There is a truism I have discovered and experienced more times than I can count over the more than four decades of my life, and that is: Prayer is hard. It is something many of us come to realize, and yet it is not regularly admitted. I bet, if you are still reading, there is something to this truism that rings with authenticity and clarity for you.
For many years, the difficulty I had praying kept me from a regular and vital prayer life. During this dark time, I stumbled onto a quote that was of great encouragement and moved me beyond thinking that if I couldn’t pray perfectly, I couldn’t pray at all. The quote comes from Dom Chapman:
Pray as you can, and do not try to pray as you can’t.

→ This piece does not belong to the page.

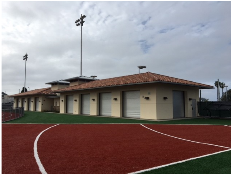
New stadium storage facilities

After reading that quote, the parable that Jesus tells of a tax collector and a Pharisee came to my mind (Luke 18:10-13). The Pharisee prays from a presumptuous and arrogant place, while the tax collector humbly acknowledges his more realistic place before God. Jesus’s point is that we are to come to God in prayer—not as we desire to be, or wearing a mask to find God’s approval. To approach God the way the tax collector does is to fight the temptation to employ pious language or perfect formulas or to act like we are more accepting of God’s will than reflects our personal reality.
When we find it difficult to pray, we should avoid the temptation to put on a mask or bring only the holy parts of ourselves before God. Let us come before God in honest prayer, bringing our whole selves, praying as we can—with few words or many; not using language that puffs us up but words that reveal our need for God’s mercy, power, and love.
When I find it difficult to pray, I often pray simply: Lord Jesus Christ, have mercy on me, a sinner. Amen.